The people of Foggia did not like P-38 pilots. This made it difficult to form any alliances with girls, and so we were extremely lucky to get Francesca. The reason they did not like P-38 pilots was that the Air Force had repeatedly bombed the railway marshaling yards when the town was still held by the enemy, and the villagers had repeatedly repaired the damage done in the raids until finally the Air Force dropped leaflets telling them to stop fixing the yards or the town itself would be bombed. The Italians went right ahead with their reconstruction work after the next raid, so the Air Force naturally sent in its P-38s to bomb and strafe Foggia. Whereas
we
were in no way connected with those long-ago pilots who had done the dirty deed, the moment a girl from Foggia found out you flew a P-38, you were dead. It didn’t pay to lie, either, because they knew more about the Air Force than the Air Force did itself, and they could tell (by which field you were stationed at in the Foggia complex) whether you flew a bomber or a fighter. Moreover, the 94th Fighter Squadron was one of the few Air Force units permitted to wear an additional piece of jewelry above the silver pilot’s wings: our identifying squadron insignia, a top hat in a ring. Fifty-cent pieces were very difficult to come by on the base, because enterprising machinists were turning them into this insignia jewelry, which was then traded to pilots for anything from two or three fresh eggs to a half-dozen cigars. But if you wore the insignia over your wings, it immediately identified you as one of those hated P-38 pilots who had shot up the town, and instantly brought pride in one’s squadron into direct conflict with one’s natural desire to get laid.

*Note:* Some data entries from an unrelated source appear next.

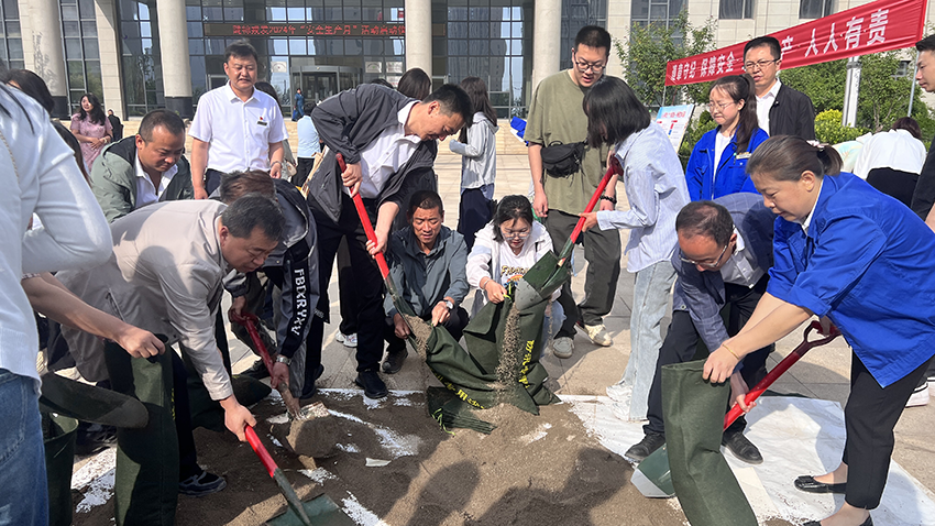 儀式第四項(xiàng):為防汛工作“增磚加瓦”裝沙袋活動(dòng)。
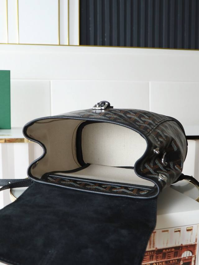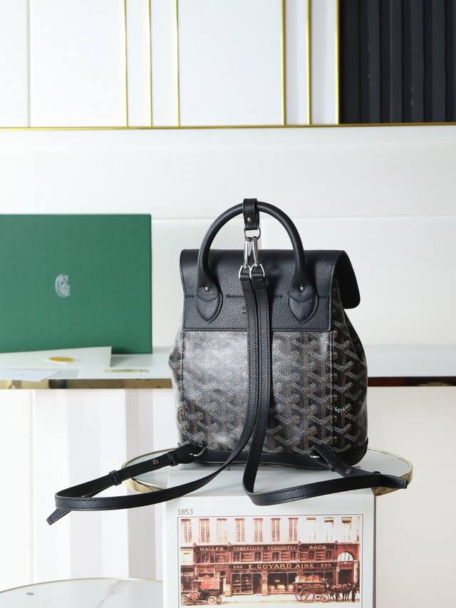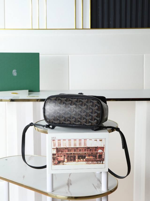 Premium Quality Original Goyard Aln Mini Backpack, Button Style, Comes with Original Gift Box, Upgraded Instruction Manual, and Ribbon. The Aln Mini Backpack is a condensed version of the Aln Medium, emphasizing style and versatility. It features a cleverly designed hook and two detachable, adjustable shoulder straps, allowing it to be carried by hand, over the shoulder, or crossbody. It can also serve as your mini "backpack." Size: 19*20*9 cm. Black.
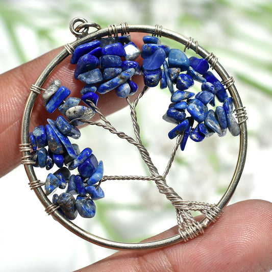 Celestial Lapis Gemstone Pendant – Handmade Wire Wrapped Jewelry Gift(41x50x5mm,/40ct)
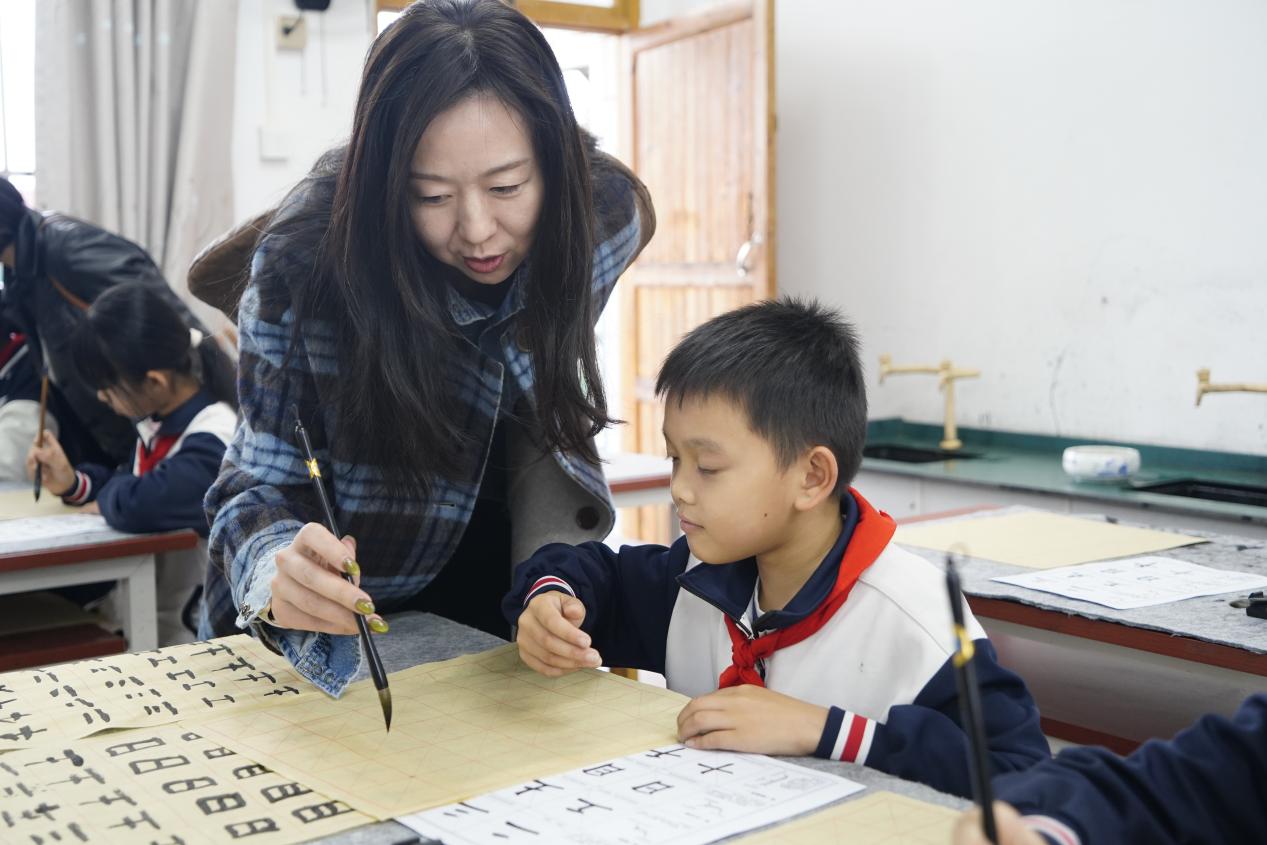 华农美育浸润团队罗梦达老师为学生提供书法指导
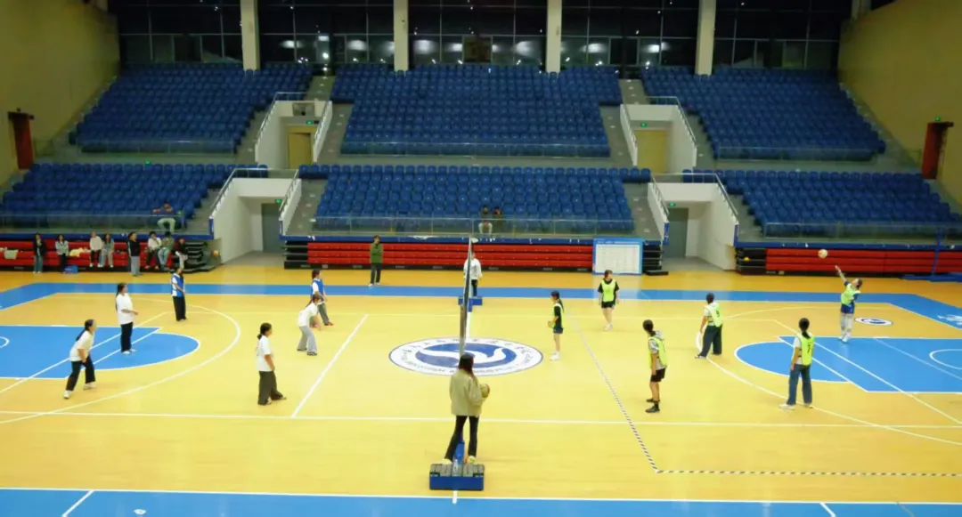 午后的阳光透过体育馆玻璃,在木地板上织就斑驳光影,beat365英国官方网站女生排球赛的决赛哨声在此刻划破空气。红色球衣的“文旅先锋队”与蓝色球衣的“博雅队”隔网相对,队员们屈膝凝神,手腕上的护腕随着热身动作轻轻晃动,眼神里满是对胜利的渴望。
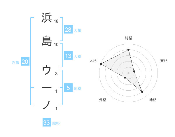 浜島 ウーノさんを姓名の画数から五運を鑑定
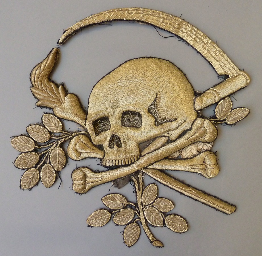 Doodskop in reliëf, zeis en fakkel, verstevigd met papier
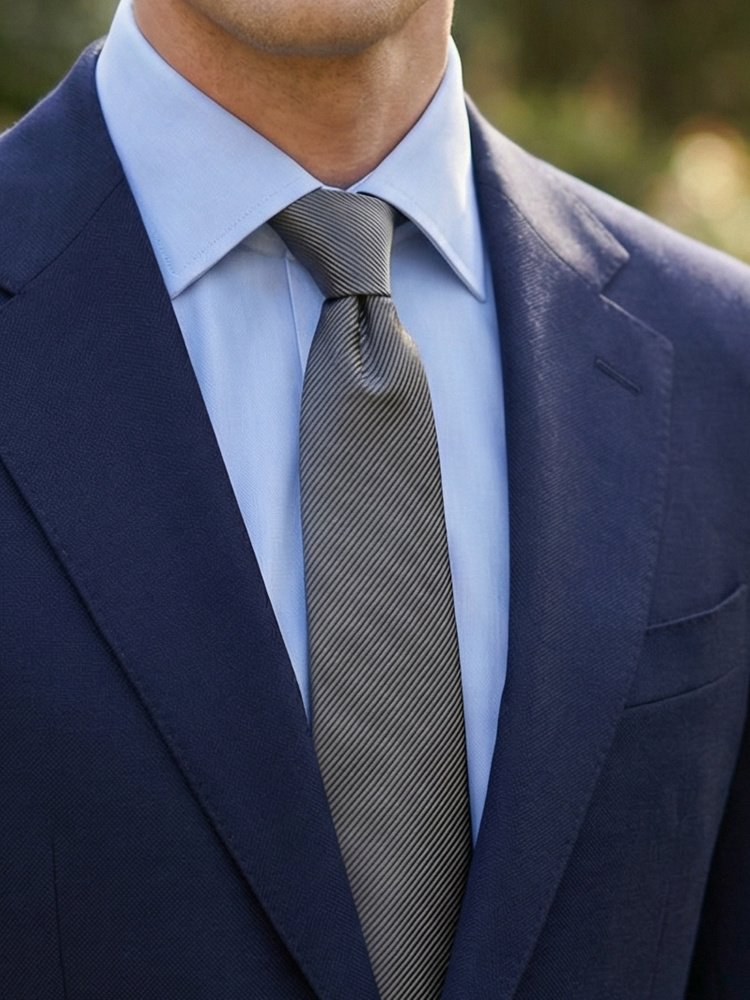 Тъмносива тясна вратовръзка и кърпичка за сако
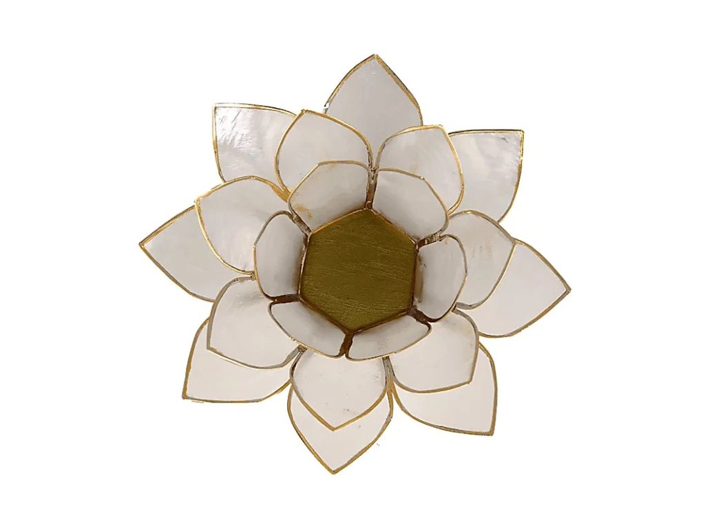 Svícen na čajovou svíčku je krásný designový doplněk, který udělá radost i jako originální dárek pro Vaše blízké. Svícen je ručně vyroben z tenkých perleťových plátků mušle Placuna placenta, které jsou barveny. Rozsvícením se lotosový květ nádherně rozzáří.
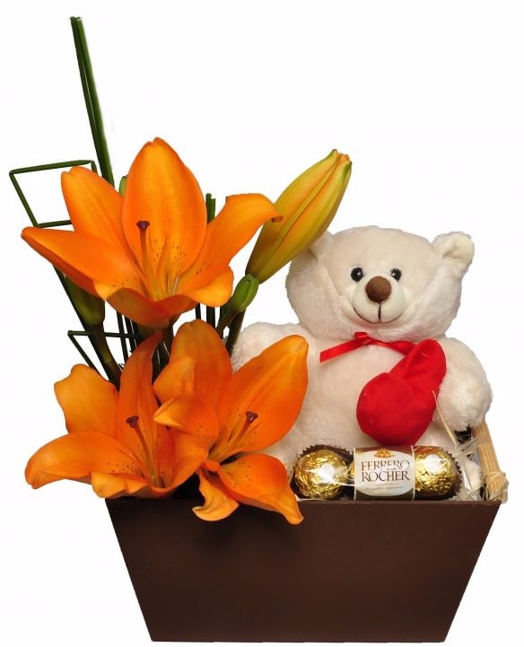 Lindo arranjo de lírios laranja e acabamento em folhagens especiais elaborada em Uma caixa de madeira trabalhada em Pvc ou madeira, Acompanhada de Uma Linda pelúcia e junto 3 unidades do delicioso chocolate Ferrero Rocher.
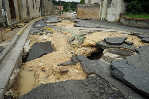 | Les pluies diluviennes ont endommagé la route à Vernou-sur-Brenne (Indre-et-Loire), le 11 juin. |
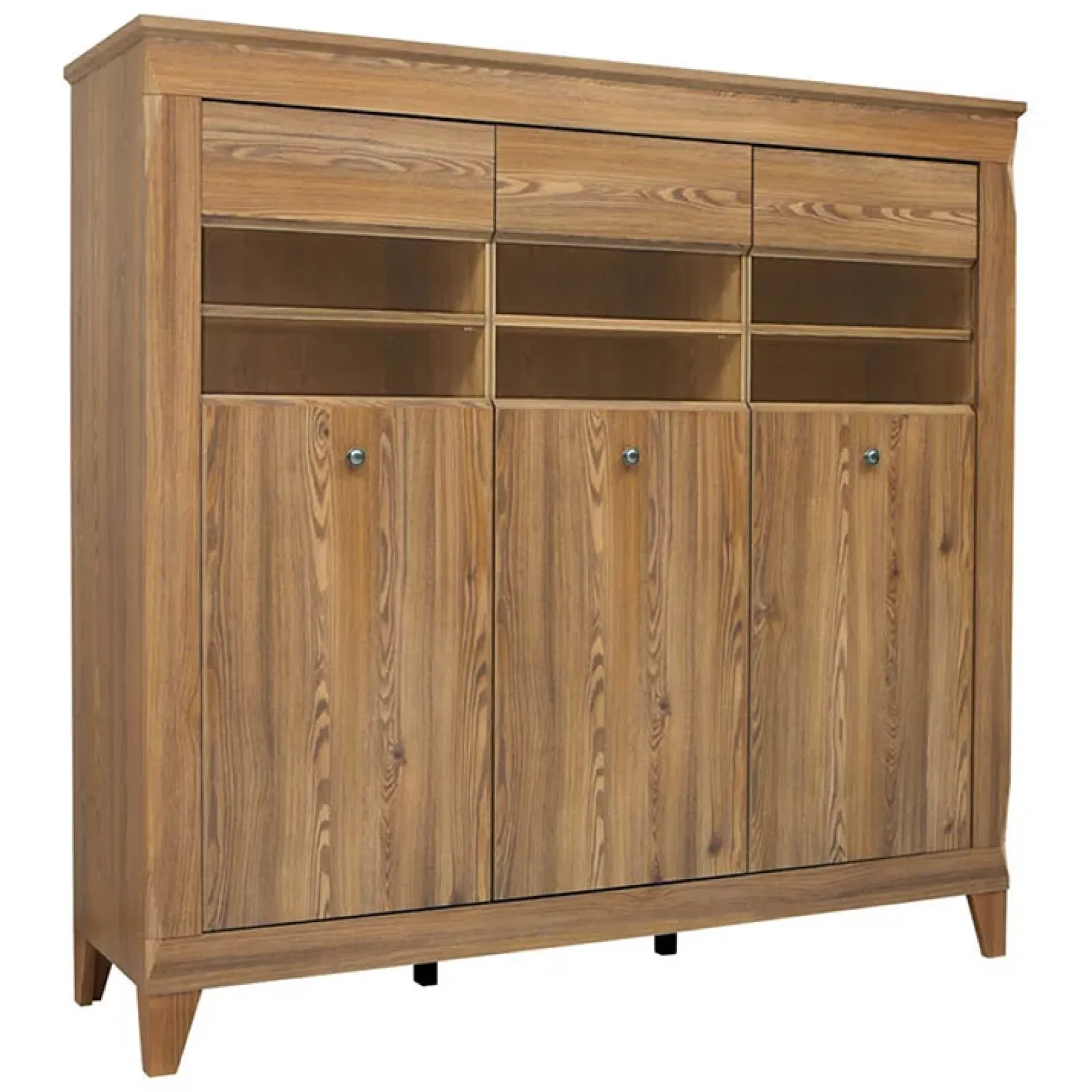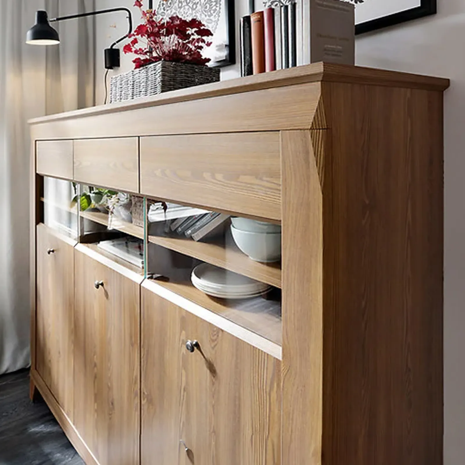 Aggiungi un tocco di classe e funzionalità al tuo soggiorno con la vetrinetta rovere scuro Lucca. Con dimensioni di 156x151cm, questa vetrinetta offre ampio spazio di archiviazione con tre ante e quattro cassetti, perfetti per organizzare e mostrare i tuoi oggetti preferiti. Realizzata con materiali di alta qualità, sarà un elemento durevole e sofisticato nel tuo arredamento.

Francesca either hadn’t heard about those fearsome P-38 pilots of yore or simply did not give a damn. We had met her on the road one day while we were trying to hitch a ride into town, all the jeeps having disappeared by the time Ace and I got out of debriefing. Our flight leader and his wingman had been shot down in a raid over Odertal, and Ace and I, presumably having witnessed every enemy pass, had been detained to answer Major Dimple’s interminable questions, Were they in flames, Did they hit the deck, Did you see silk? and so on. Francesca was not exactly what one would have called a beauty, but she was a girl, and she was
there.
She came down the road on a bicycle, rare for these parts, since the Germans had taken with them almost anything that had wheels, wearing open sandals, one of those flowered housedresses with buttons down the front, and a threadbare black cardigan sweater fastened only at the throat and flapping loose around her shoulders like a short cape. She was a chunky girl with curly black hair and brown eyes, a lot of hair under the armpits, some on the legs, but then again, even the higher-type broads in Rome hadn’t learned to shave like American women. Ace hailed her and asked her in English if she would give us a ride to town, and she smiled in a shy, frightened manner and shook her head and shrugged her shoulders, indicating she did not speak English, which we later learned was an absolute falsehood. She spoke English as well as any other Italian in Foggia, in fact better; she had been shacking up for some three months with a bomber pilot who caught very heavy shit over Budapest and had never been heard from since. She also told us later that she was afraid of us that first day on the road because she thought we might rape her, and had pretended not to speak English so that she could listen to and understand everything we were saying and therefore be forewarned if we decided to jump her. If we had any designs at the moment, however, they were on her bicycle and not her hot little body. We kept waving our hands around and trying to explain to her that we wanted a ride into town, and finally Ace demonstrated a method whereby the three of us could share the bike, he sitting on the seat and pedaling, she sitting sidesaddle on the crossbar, and me straddling the rack over the rear wheel, legs sticking out almost parallel to the ground, a system that worked for a distance of perhaps six feet before we all fell into the ditch at the side of the road, Francesca displaying a great deal of inviting white thigh as her dress went up over her tumbling legs. I think it was then that we decided she might not be so bad to fuck.